Rack'em up, knock'em down

"We live in a take-down culture. And it's not just about proving them wrong, you also have to have more fun than them." - Taylor Swift
Like her music or not, the kid makes a crucially valid point. It isn't enough for someone to succeed. Their every flaw, mistake, and even any awkward move must be picked apart, until their accomplishments pale in comparison to their missteps.

Is it any wonder so many people feel unworthy of their own breath?

I used to squirm ashamedly beneath the weight of the ugly words and the cold stares, and when it got to be too much I'd have to find some hiding place. I'd escape to a new neighborhood, a new town, or a new love. I'd drown in the distractions until the memories drifted to the surface to gasp for air, and then I'd float away again on my sailboat made of anchors.

It never got worse, because really, nothing is ever worse than the faded cries of lost little hearts. Oh, my heart, with the cracks that only got deeper by the day. The nights I would allow the crevices to rip another chunk of my soul from my chest, lying on the floor in a pile of agony, begging and pleading to a God I didn't believe could possibly believe in me anymore. And then the tears would dry, but the soul never truly healed. Lungs can't breathe oxygen from a vacuum, and dead things can't be healed.

I didn't want to heal.

I wanted to be shredded to ribbons by white-hot knives, feeling every millisecond of the searing pain, just as I'd heard in that trembling, small voice on the phone. I wanted the pain to swallow me whole, and to never feel the breath of hope whispering in my ear. I didn't deserve it. I deserved the empty, cavernous void I'd built myself.

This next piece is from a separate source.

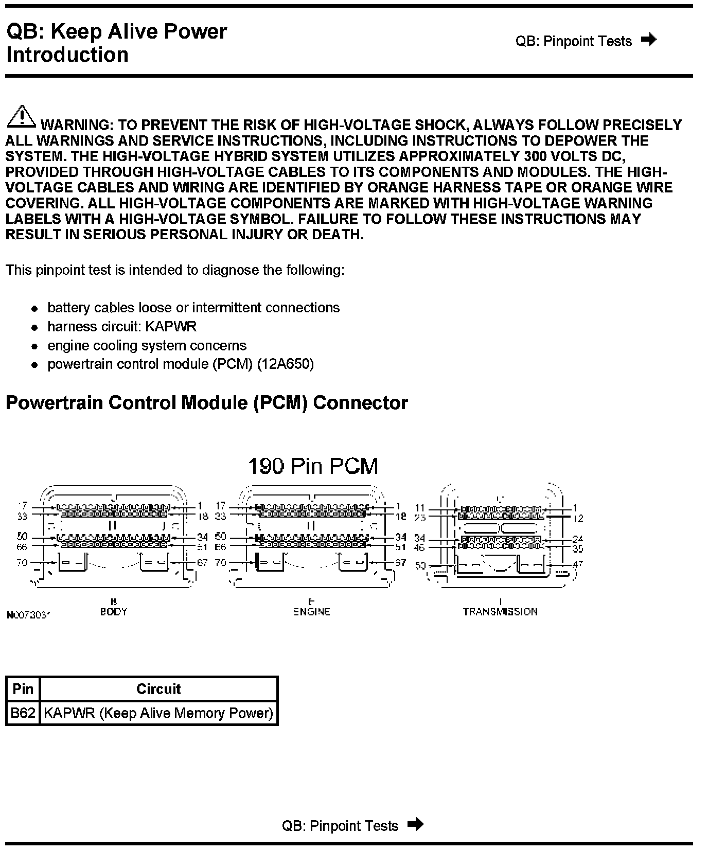 Warning And Powertrain Control Module (PCM) Connector:

Except that sometimes I wanted out.

So I'd climb, but only halfheartedly believing the chains would break. Then the tug. I'd look down and see the shackles, and instead of putting up a fight, I'd convince myself it would be best to let them be. The chains were stronger, looping through the iron rings of self-hatred, embedded in crumbling concrete walls that dripped with desolation.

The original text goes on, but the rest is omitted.